* _What you have to do_
As written and without pictures, set down the lines from the one that contains "Atop 8mm Black" through the end of the data.

Records from a dataset:
*** Block opens ***

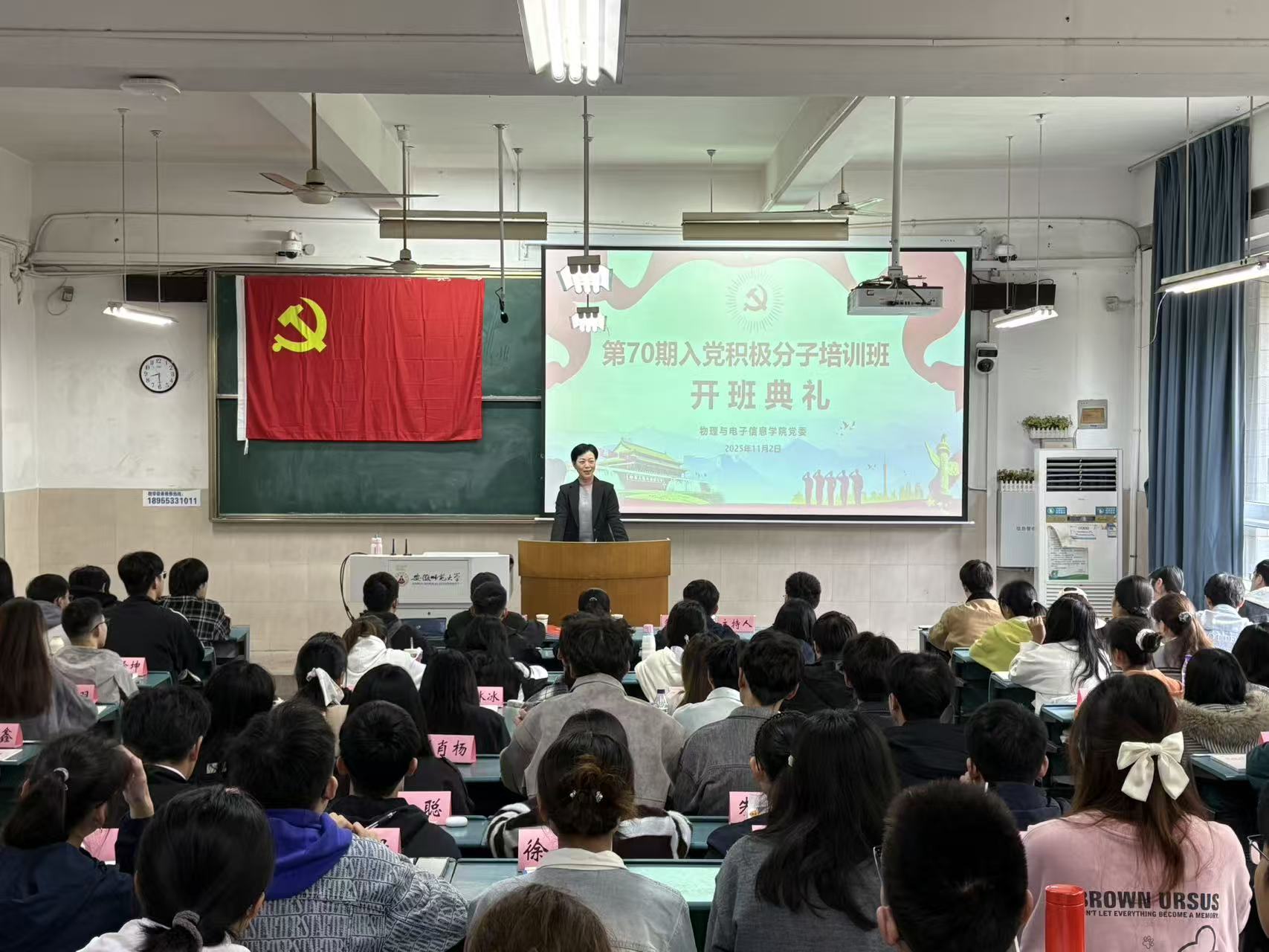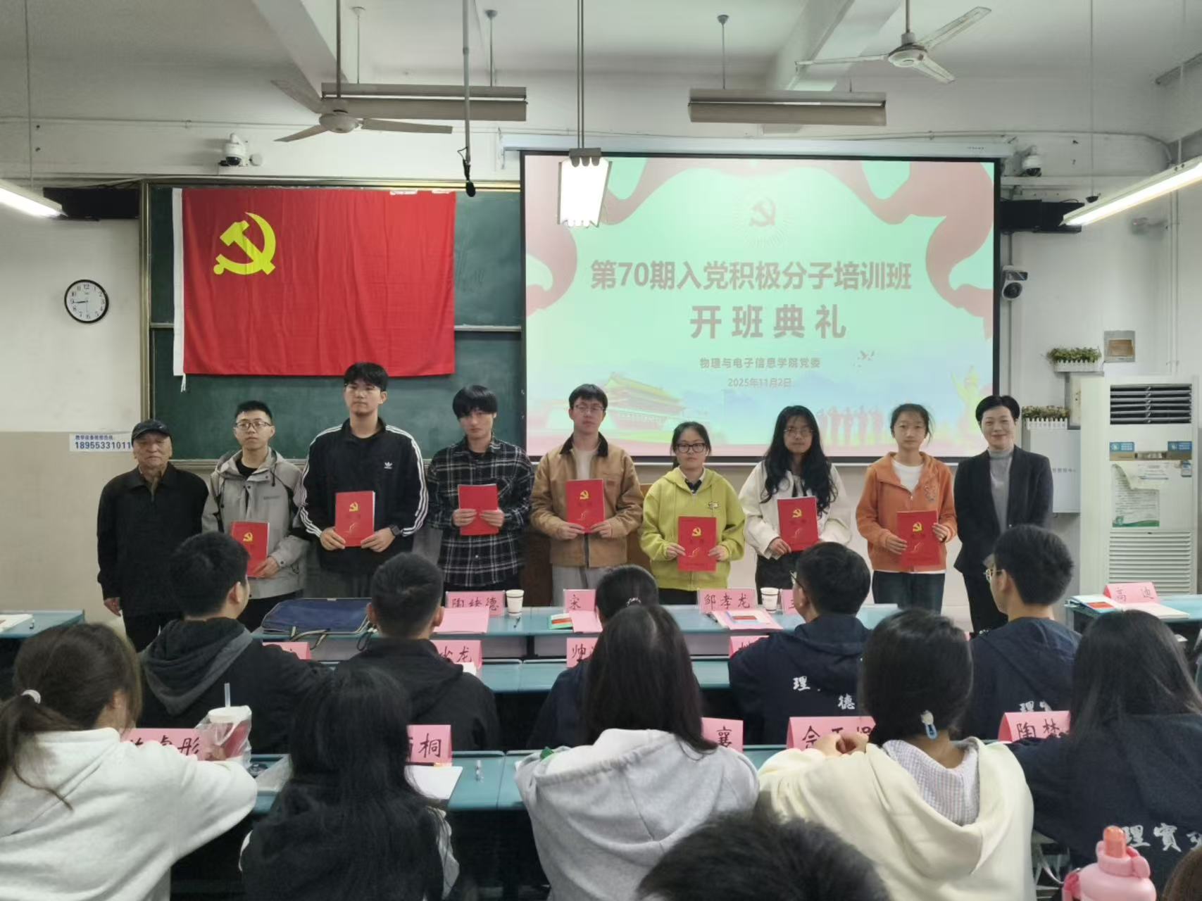 典礼上,邹孝龙介绍了本次培训班的基本情况,解读了班级管理的各项规章制度。2023级物理学(师范)专业本科生苏成同学作为学员代表进行表态发言。宋静和陶绪德为培训班学员代表发放了学院《先锋》学习手册。宋静要求,全体参训学员要充分认识培训意义,自觉端正学习态度;要严格遵守规章制度,自觉服从党校管理;要深入理解知行合一,自觉践行党员标准,充分发挥积极分子模范带头作用,做党的路线方针政策的宣传者、文明行为习惯养成的践行者、勇攀科学高峰的探索者、朋辈友爱帮扶的护航者和服务国家需要的争先者。
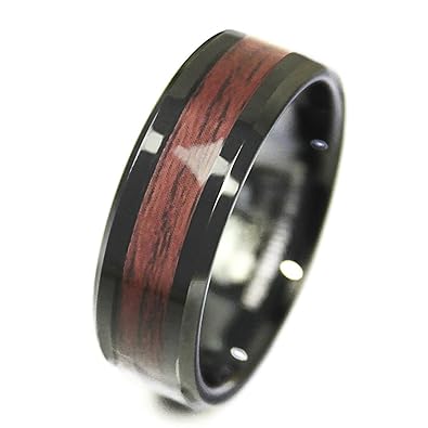 Atop 8mm Black Men S Tungsten Carbide Ring Red Wood Inlay Wedding
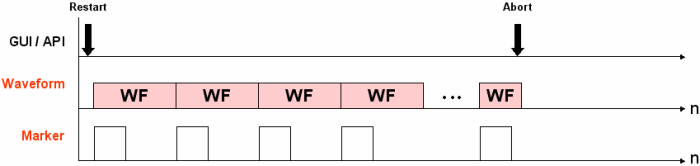 In Continuous mode, the module starts waveform generation by a Restart command from the GUI or API-based
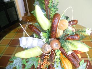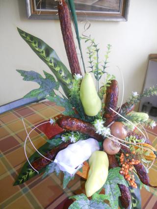 my sme dnes boli na 40-tke, gulasik, pecene prasiatko,,,vsetko v prirode,,bolo super, Emmu si podavali z ruk do ruk, evidentne jej to nevadilo,akurat mna nejako bolia nohy,,a toto je kytica z klobas- napad @maxara a @monline - dakujem zan baby- mala fakt uspech, az na to, ze mi bola kurevsky tazka,ked som ju viazala, az mam teraz svalovicu 😀 tak kuk ako som sa s nou potrapila,nahlad z predu,zo stran a detail, plus pridavam foto par pestunov Emmy a osalavenec,,,,
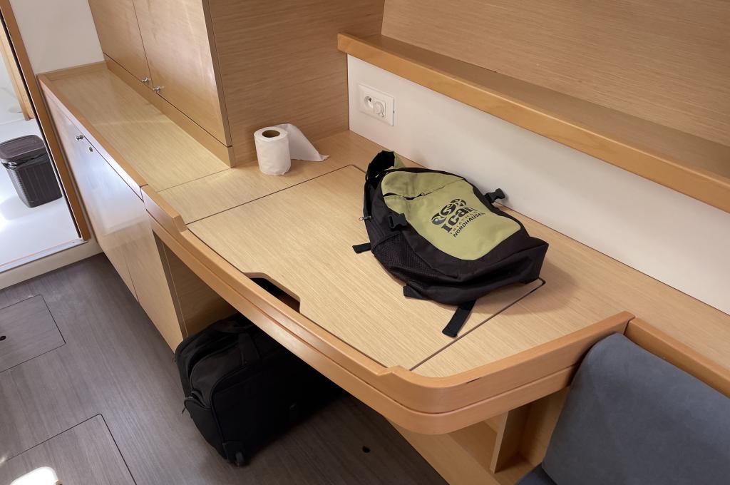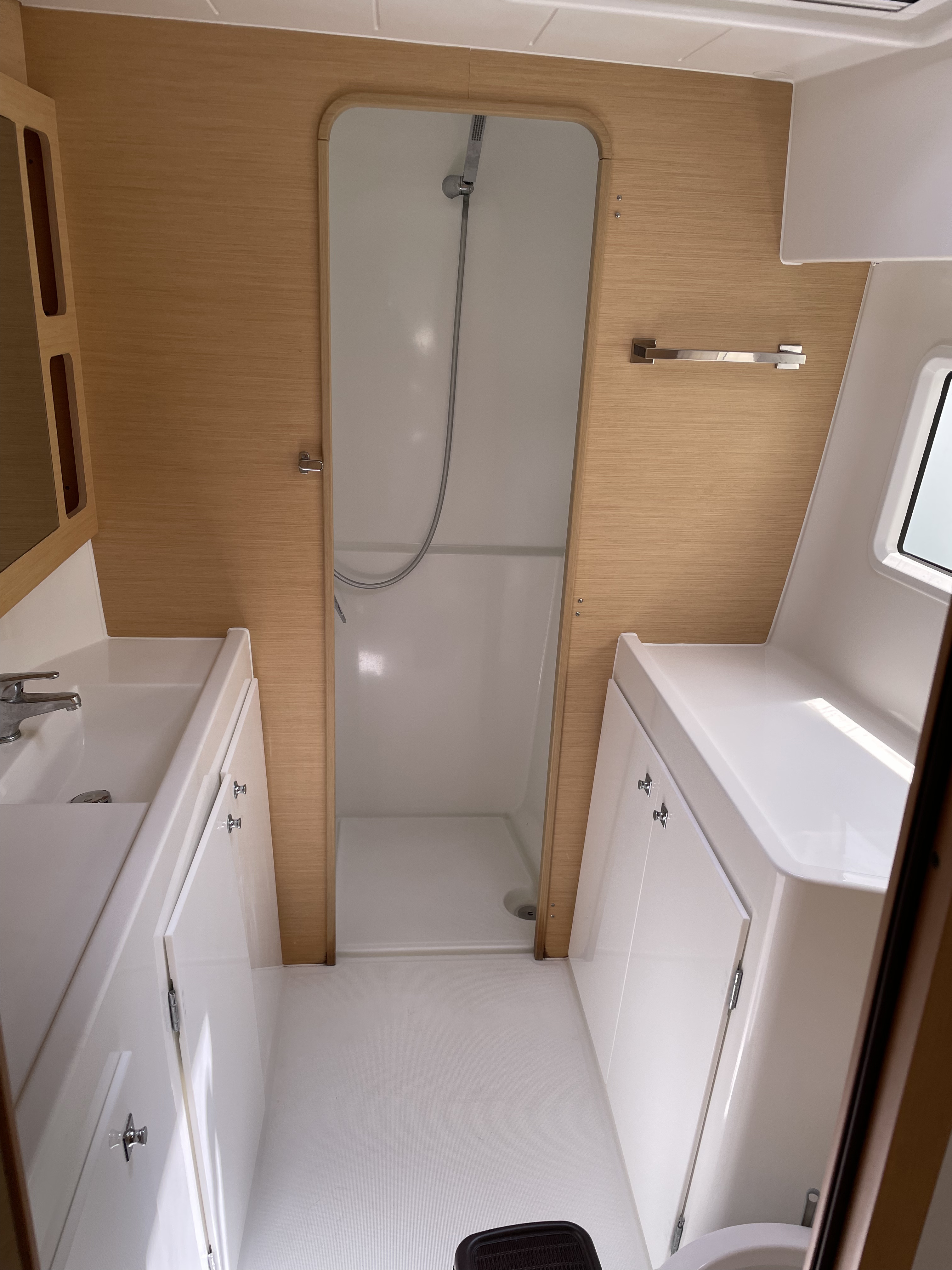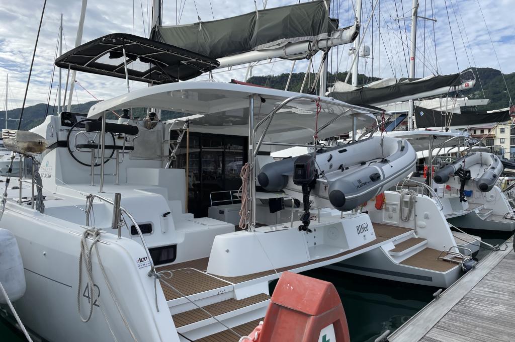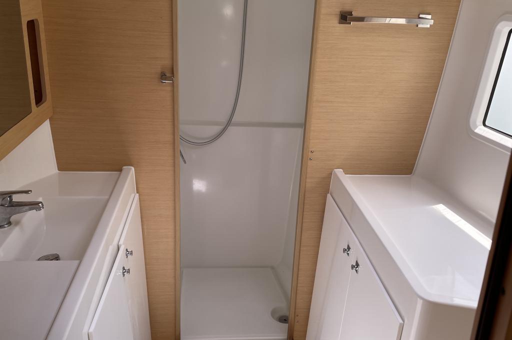 | Outside | 12 V-Anschluss, 220 V-Landanschluss, Badeleiter, Biminitop, Cockpitdusche, Cockpitlautsprecher, Cockpitpolster, Cockpittisch, Davits, elektr. Ankerwinsch, elektr. Winsch, Festmacherleinen, Grill, Selbstholende Winschen, Solaranlage, Sonnendeck, Teak im Cockpit |

*** Block closes ***

* _Completed task_
 Atop 8mm Black Men S Tungsten Carbide Ring Red Wood Inlay Wedding
 In Continuous mode, the module starts waveform generation by a Restart command from the GUI or API-based
 my sme dnes boli na 40-tke, gulasik, pecene prasiatko,,,vsetko v prirode,,bolo super, Emmu si podavali z ruk do ruk, evidentne jej to nevadilo,akurat mna nejako bolia nohy,,a toto je kytica z klobas- napad @maxara a @monline - dakujem zan baby- mala fakt uspech, az na to, ze mi bola kurevsky tazka,ked som ju viazala, az mam teraz svalovicu 😀 tak kuk ako som sa s nou potrapila,nahlad z predu,zo stran a detail, plus pridavam foto par pestunov Emmy a osalavenec,,,,
 | Outside | 12 V-Anschluss, 220 V-Landanschluss, Badeleiter, Biminitop, Cockpitdusche, Cockpitlautsprecher, Cockpitpolster, Cockpittisch, Davits, elektr. Ankerwinsch, elektr. Winsch, Festmacherleinen, Grill, Selbstholende Winschen, Solaranlage, Sonnendeck, Teak im Cockpit |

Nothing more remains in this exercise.